La religion n’est pas une technique pour obtenir une paix mentale statique et sereine ; c’est une impulsion destinée à organiser l’âme pour un service dynamique. C’est l’enrôlement de la totalité de l’individualité dans une allégeance pour aimer Dieu et servir les hommes. La religion paie à n’importe quel prix ce qui est essentiel pour atteindre le but suprême, la récompense éternelle. Il y a une plénitude de consécration dans la loyauté religieuse dont la sublimité est magnifique, et cette loyauté est socialement efficace et spirituellement progressive.
Pour le religioniste, le mot Dieu devient un symbole signifiant l’approche de la réalité suprême et la récognition de la valeur divine. Ce ne sont ni les préférences ni les aversions humaines qui déterminent le bien et le mal ; les valeurs morales ne résultent pas de ce que les désirs sont exaucés ou les émotions frustrées.
En méditant sur les valeurs, il faut distinguer entre ce qui est une valeur et ce qui a une valeur. Il faut reconnaitre la relation entre des activités agréables, leur intégration significative et leur réalisation rehaussée sur des niveaux d’expérience humaine constamment et progressivement plus élevés.
La signification est quelque chose que l’expérience ajoute à la valeur ; c’est la conscience appréciative des valeurs. Un plaisir isolé et purement égoïste peut comporter une dévalorisation virtuelle des significations, une jouissance dépourvue de sens et frisant le mal relatif. Les valeurs sont expérientielles quand les réalités sont significatives et mentalement associées, quand de telles relations sont reconnues et appréciées par le mental.
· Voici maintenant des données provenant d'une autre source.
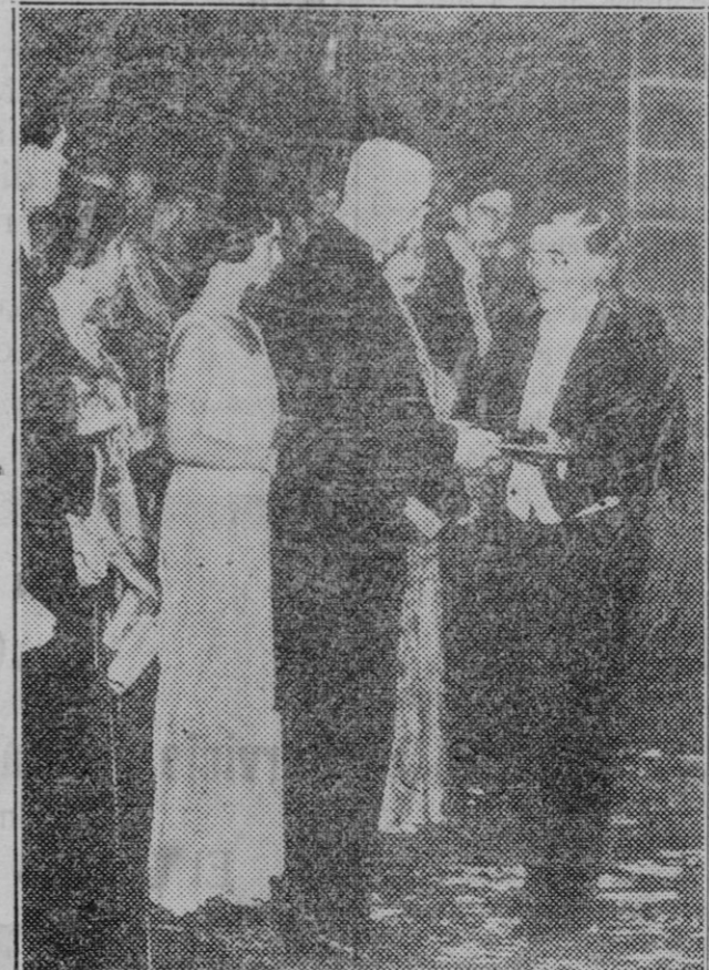
Estocolmo. — El Dr. Irving Langmuir, recibiendo de manos del rey de Suecia el Premio Nobel de Química, que comparte este año con los profesores ingleses Sherrington y Adrian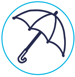
Strategia Absolut Return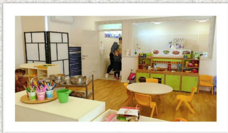
Slike 3. i 4. – Dječji vrtić „Palčica“ – podružnica Zrinski Topolovac

Dječji vrtić u Zrinskom Topolovcu dovršen je 2024. godine, i započeo je s radom, na radost mališana koji ga pohađaju. Općina će u 2025. nastaviti sufinancirati boravak djece u vrtiću.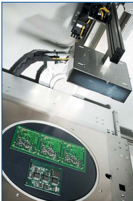
Рис. 3. Поворотный стол и плоский цифровой детектор

Использование данной трубки в совокупности с плоским цифровым детектором высокой контрастности позволяет получать отличное качество изображения инспектируемого образца в режиме реального времени. Поворотный стол и возможность наклона детектора до 70° в обе стороны дает возможность проводить всестороннюю проверку и анализ изделия (рис. 3).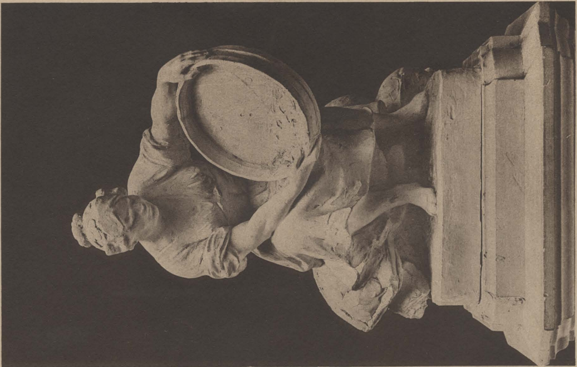
DULCINEA DEL TOBOSO señora de los pensamientos del caballero de la Triste Figura y la imaginada por su escudero.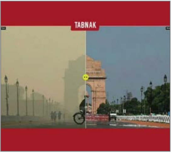
مقایسه دهلی نوبل و بعد از کرونا از صفحه tabnak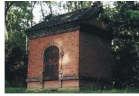
井筒 里志 江別市 『火薬庫』 江別のれんが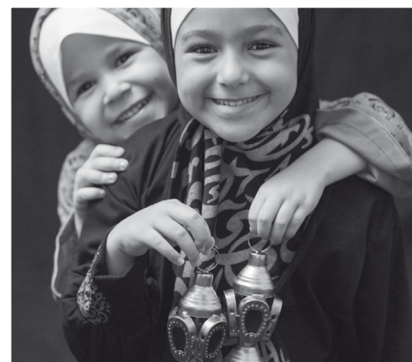
Während des Ramadan leuchten zur Dekoration bei vielen die Ramadanlaternen.

Im Fastenmonat Ramadan darf zwischen Sonnenauf- und -untergang nichts gegessen werden. Er endet mit dem Fastenbrechen, das türkische Muslime Zuckerfest nennen. Es dauert drei Tage und beginnt mit einem morgendlichen Gottesdienst in der Moschee. Danach gehen viele Muslime noch auf den Friedhof, um der Verstorbenen zu gedenken. Dann werden Verwandte besucht und es wird endlich wieder ordentlich gegessen – vor allem Süßes steht auf dem Speiseplan. Die Kinder bekommen außerdem Geschenke.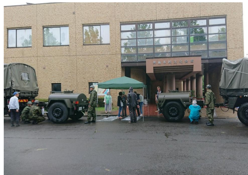
男鹿市民文化会館における給水支援 【陸自第21普通科連隊（秋田）】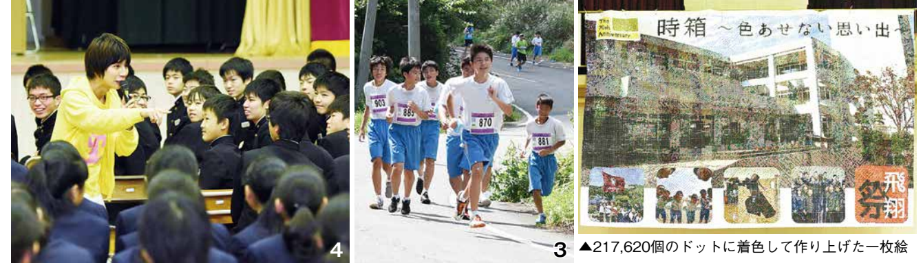
1_東京フィルの指揮者を体験。独特?なリズムでハンガリー舞曲第5番を見事に演奏！ 2・3_この経験があれば必ずや人生の激坂も登り切れるはず 4_講演の合間の質問コーナーでは、佐久間さんのプライベートについての質問も飛び出し、会場は盛り上がりました

白石中学校は、昭和22年の開校から創立70周年を迎え、本年度さまざまな記念行事が行われました。9月10日の「第31回しろいし蔵王高原マラソン大会」には、全校生徒が参加。319人があきらめずに激坂を駆け上りました。走り終えた生徒は「つらかったですが、みんなで支え合って走りきれてよかったです」と話してくれました。9月29日の「芸術鑑賞会」では、東京フィルハーモニー交響楽団による公演が行われ、約80人によ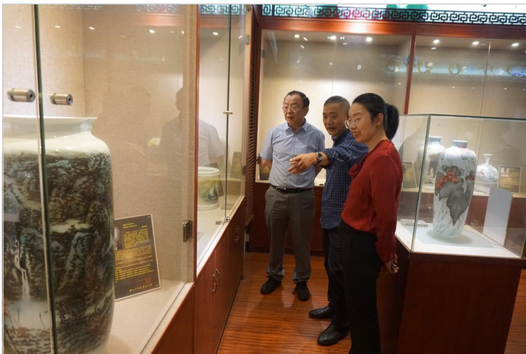
参观株洲市工艺美术协会展厅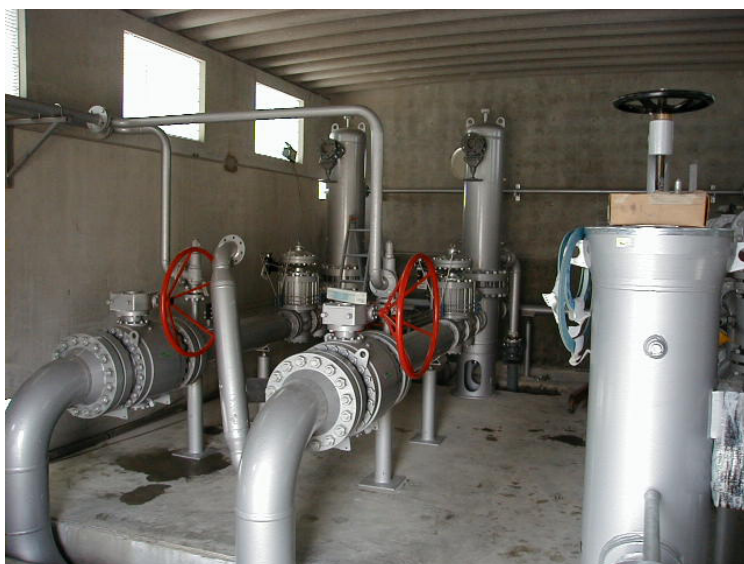
Fig. 9.1.: interno della cabina di decompressione

Il gas distribuito dall'ASET S.p.A. possiede le medesime caratteristiche fisico-chimiche di quello distribuito dalla SNAM e da EDISON, che ne certificano mensilmente il potere calorifico superiore (che chiameremo P.C.S. 69 ) Il P.C.S. di riferimento del naturale è: 9200 \text{ Kcal/Sm}^3 .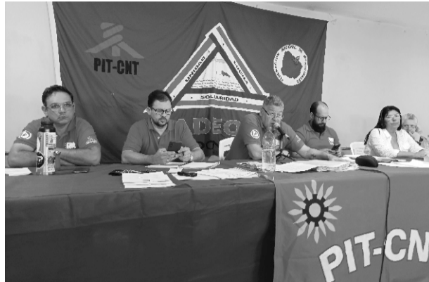
Mesa de la Asamblea General del 21/12

Esta Asamblea aprueba la reforma del Estatuto y rechaza por INSUFICIENTE la propuesta enviada por la Administración, abriendo un compás de espera en las medidas de lucha, en el marco del diálogo que mantiene el Consejo Ejecutivo del sindicato con autoridades municipales.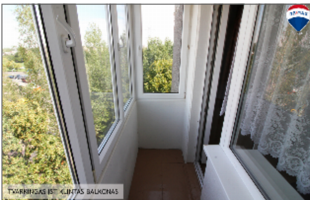
TVARRINGAS ISTOKINTAS BALKONAS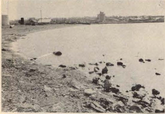
古丹浜貯木場は8万平方メートルを造成、臨海道路や陸上貯木場の造成が行なわれる(古丹浜貯木場地区)

道北随一の漁港基地を旨とする東岸船溜りは、44年から着手され、いよいよことしから掘込み作業にかかる。漁船専用船溜りの完成とともに、商港留萌として、道北随一の港湾整備は着々と進む。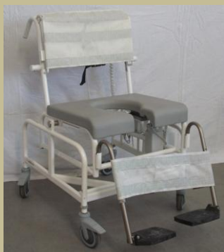
2862/Műanyag toalett kerekesszék 30e Ft-tól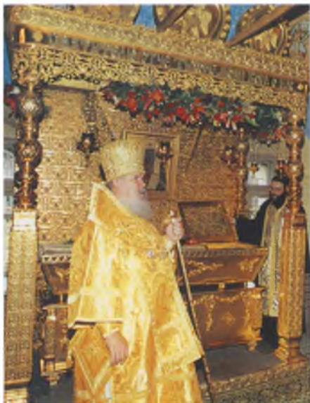
Место обретения мощей Святителя Тихона в Малом соборе Донского монастыря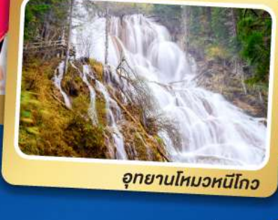
อุทยานโหมวหนีโกว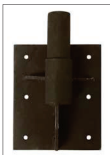
Suportes para piso e parede vendidos separadamente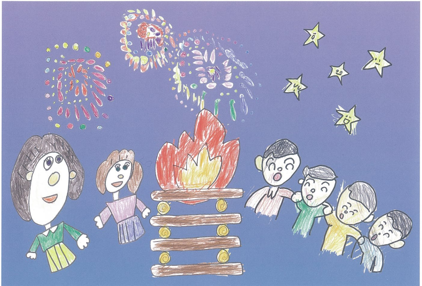
絵：黒姫高原共同生活のしおりの表紙から（附属大塚特別支援学校小学部 6 年・中学部 2 年共同制作）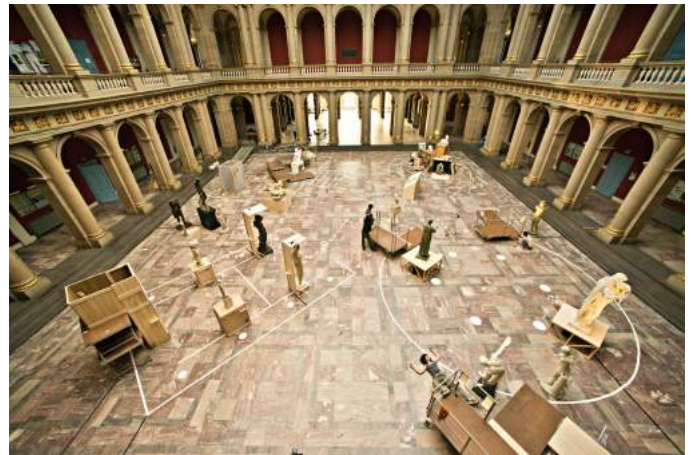
Doc. 2 – Deux photographies de l'exposition Via la Grèce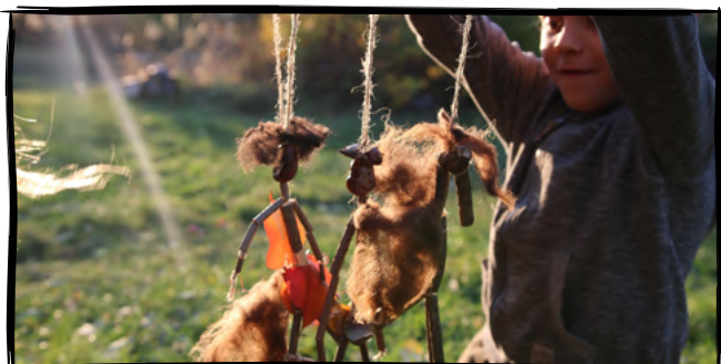
5. Vytvoříme si bezové loutky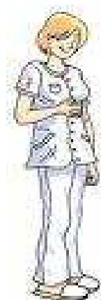
Des professionnels de santé au service des populations locales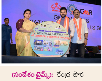
(సందేశం టైమ్స్): కేంద్ర పౌర

విమలయాన శాఖ మంత్రి కింజరపు రామ్మోహన్ నాయుడు విశాఖపట్టణంలోని ఒక హోటల్ లో ఆంధ్రప్రదేశ్ రాష్ట్రంలో తొలి సారిగా ప్రవేశపెట్టిన టూరిజం కారవాన్ - "శ్రీనివాస కారవాన్" కు సంబంధించిన పోస్టర్ మరియు ట్రోచర్ ను అధికారికంగా ఆవిష్కరించారు. ఈ కార్యక్రమం ఆంధ్రప్రదేశ్ టూరిజం శాఖ మరియు ఆంధ్రప్రదేశ్ టూరిజం డెవలప్ మెంట్ కార్పొరేషన్ సమన్వయంతో

Les valeurs ne peuvent jamais être statiques ; réalité signifie changement, croissance. Le changement sans croissance, sans expansion de signification et sans exaltation de valeur, est sans valeur – c’est un mal potentiel. Plus sa qualité d’adaptation cosmique est grande, plus une expérience possède de signification. Les valeurs ne sont pas des illusions conceptuelles ; elles sont réelles, mais dépendent toujours du fait de l’existence des relations. Les valeurs sont toujours à la fois actuelles et potentielles – elles ne représentent pas ce qui était, mais ce qui est et ce qui sera.
L’association des actuels et des potentiels équivaut à la croissance, à la réalisation expérientielle des valeurs. Mais la croissance n’est pas simplement le progrès. Le progrès est toujours significatif, mais, à défaut de croissance, il est relativement sans valeur. La valeur suprême de la vie humaine consiste dans la croissance des valeurs, dans le progrès des significations et dans la réalisation de la corrélation cosmique intime entre ces deux expériences. Et une telle expérience équivaut à avoir conscience de Dieu. Un tel mortel, bien que n’étant pas surnaturel, devient vraiment suprahumain ; une âme immortelle est en évolution.
L’homme ne peut provoquer la croissance, mais il peut lui fournir des conditions favorables. La croissance est toujours inconsciente, qu’elle soit physique, intellectuelle ou spirituelle. C’est ainsi que croit l’amour ; on ne peut ni le créer, ni le fabriquer, ni l’acheter ; il faut qu’il croisse. L’évolution est une technique cosmique de croissance. La croissance sociale ne peut être assurée par la législation, ni la croissance morale par une meilleure administration. L’homme peut construire une machine, mais sa valeur réelle doit dériver de la culture humaine et d’une appréciation personnelle. L’unique contribution de l’homme à la croissance est la mobilisation de la totalité des pouvoirs de sa personnalité – sa foi vivante.